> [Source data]
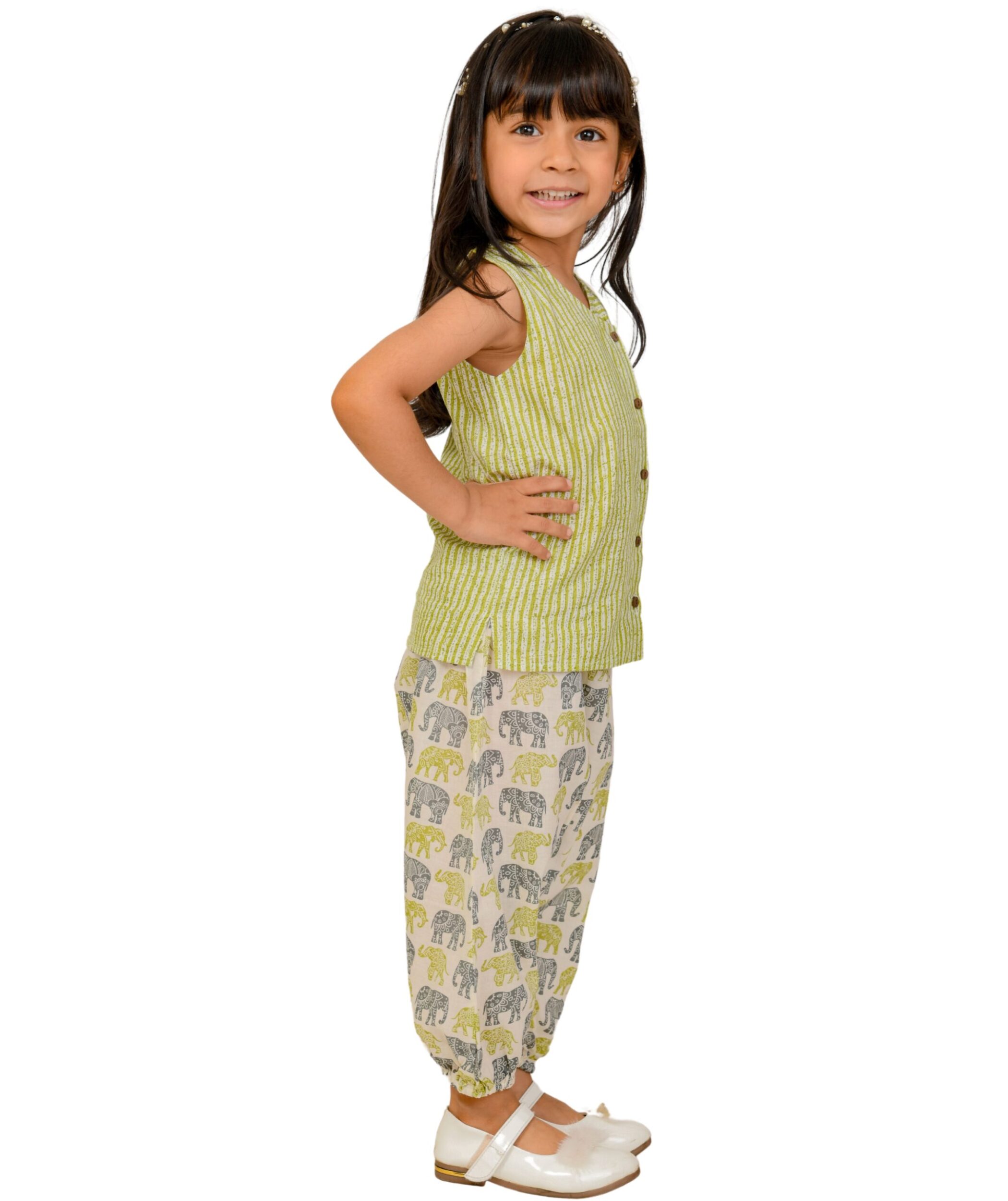 Kids Girl Dress Summer Cotton Top Pant Clothing – White:Green
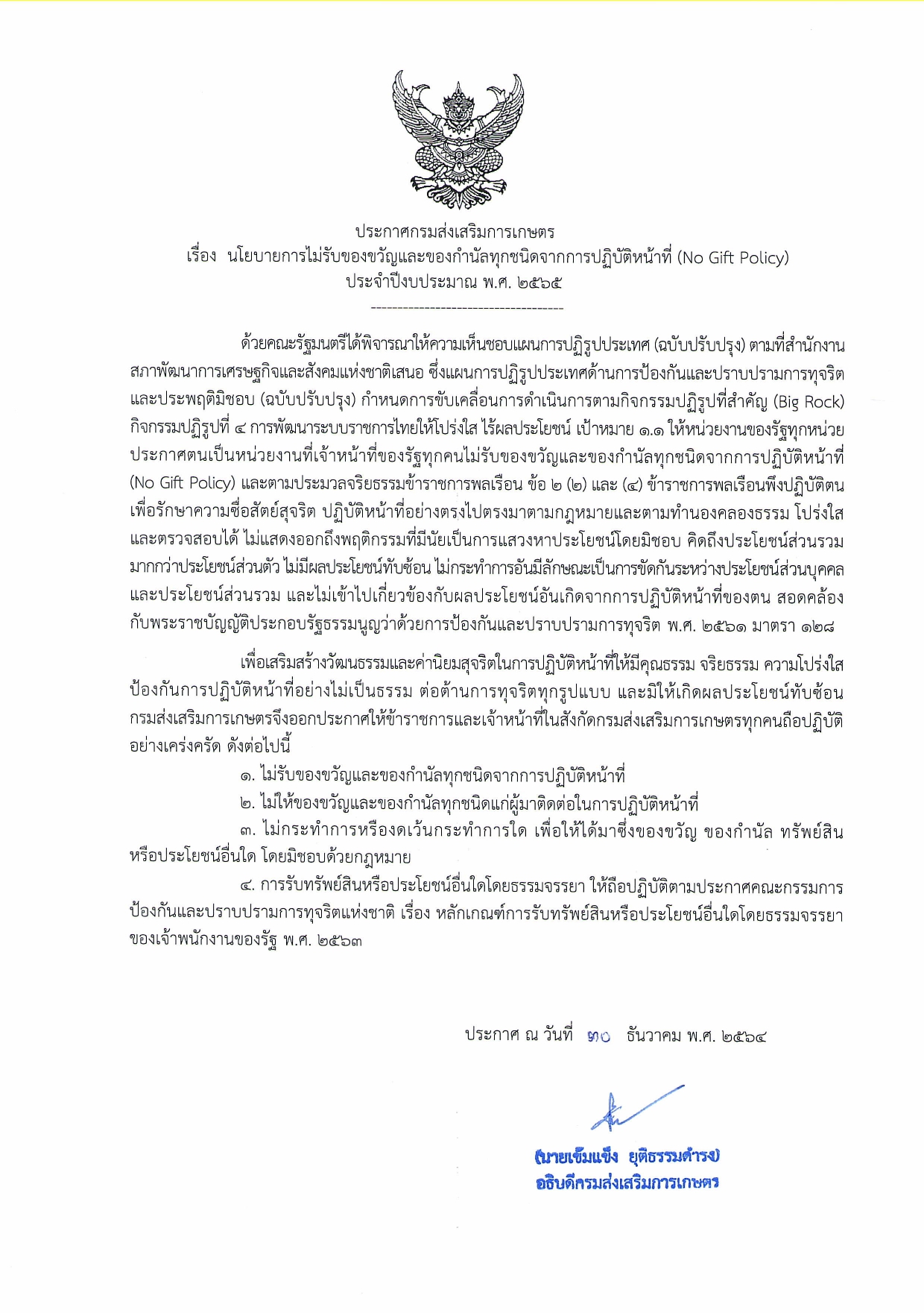 ประกาศกรมส่งเสริมการเกษตร เรื่อง นโยบายการไม่รับของขวัญและของกำนัลทุกชนิดจากการปฏิบัติหน้าที่ (No Gift Policy) ประจำปีงบประมาณ พ.ศ. 2565
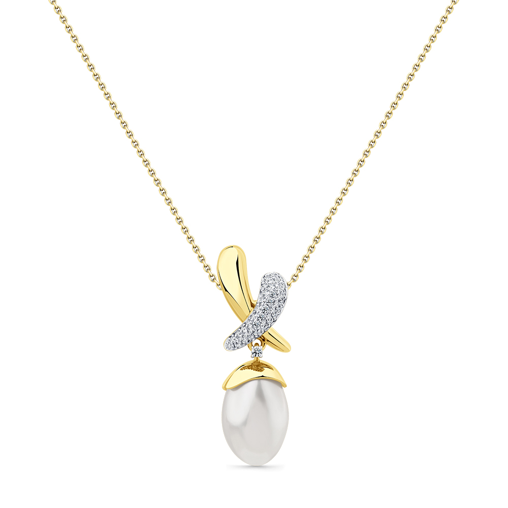 Колье жёлтое золото 585 пробы со вставками бриллиант, жемчуг арт. 6-360887-00-28
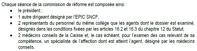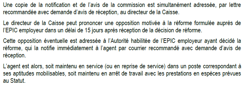 Tiens, un secret du délibéré de la commission de réforme qui fuite ? (RH00359) Peu importe. Le médecin de la CPR présent à la commission de réforme n'est qu'un membre parmi les autres. (RH00359) L'avis de la commission de réforme (car ce n'est qu'un avis auquel se soumet ou pas l'entreprise ; il lui est conseillé de s'y soumettre !) est émis à la majorité. (RH00359) Lorsque la Commission émet un avis d'admission à une pension de réforme, celui-ci est transmis à son tour pour avis conforme (c'est à dire identique) à la CPRPF. (RH00359) A noter, c'est le Directeur de la caisse qui se prononce et non pas un quelconque médecin-conseil même si on se doute bien qu'ils s'en entretiennent. (lire dorénavant à la place du Tribunal de grande instance : pôle Social du Tribunal judiciaire, l'ancien tribunal des affaires de sécurité sociale)- Inaptitude à venir - Quid missions à réaliser
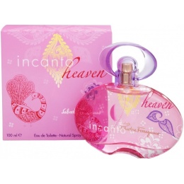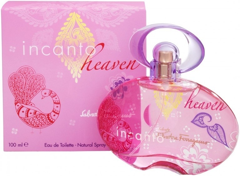Nová linie vůní značky Salvatore Ferragamo je inspirována vzdušnými zámky v oblacích, tužbami a sněním s otevřenýma očima o kouzlech a hrdinech: právě taková je Incanto Heaven. Představme si zemi opředenou záhadami, kde vládne štěstí a věčná krása, svět plný barev, kde rozkvétají ty nejkrásnější a nejvoňavější květy, kde nádherní pávi rozkládají své královské vějíře zářící všemi odstíny duhy a kde panuje atmosféra nikdy nekončícího štěstí. Právě do takového ráje nás zve okouzlující Incanto Heaven, která nás tam zanese na křídlech svých pozoruhodných vonných akordů. Incanto Heaven je kouzelnou ovocně květinovou vůní, do níž její autorka Karine Dubreuil ze společnosti Mane vdechla veselou duši plnou života a barev. Původní flakón Incanto si i nyní zachovává svůj tvar, ale mění své barevné pojetí – rozpoutává se na něm nebeský vír barev v kombinaci s ohňostrojem žlutých a nachových kašmírových vzorů. Výsledek připomíná páva – symbol Incanto Heaven - který právě rozprostřel svou královskou ozdobu a celkový dojem doplňuje i jeho korunka v podobě purpurového uzávěru. Krabička září jemně růžovým odstínem, který krášlí něžný bílý vzor. Nechybí ani symbol Incanto Heaven v podobě pest rozjasňuje snový jemně růžový podklad s bílým potiskem. Doplňkem, přinášejícím nebeský pozdrav Incanto Heaven, je pestrobarevný otisk kašmíru a symbol ráje - páv s rozprostřeným ocasním peřím. Flakón i obal jsou dílem designérky Sylvie de France.
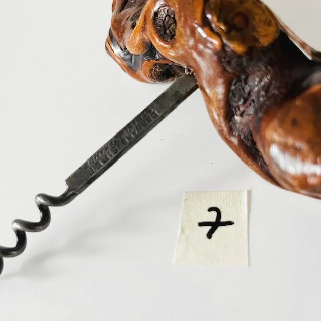 Vintage Franse Bernard Siret kurkentrekker 7 met een handvat van wortelhout van een wijnrank uit de jaren 20-30. Dit object is uitgerust met een koperen plaquette met de tekst “A&R Barrière Frères Bordeaux” eert de rijke geschiedenis van de Bourgogne.

> [Problem statement] No picture is to be printed. Output exactly the lines above from the line containing "ประจำปีงบประมาณ พ.ศ. 2565" through the line containing "Колье жёлтое золото".

> [Task output]
 ประกาศกรมส่งเสริมการเกษตร เรื่อง นโยบายการไม่รับของขวัญและของกำนัลทุกชนิดจากการปฏิบัติหน้าที่ (No Gift Policy) ประจำปีงบประมาณ พ.ศ. 2565
 Колье жёлтое золото 585 пробы со вставками бриллиант, жемчуг арт. 6-360887-00-28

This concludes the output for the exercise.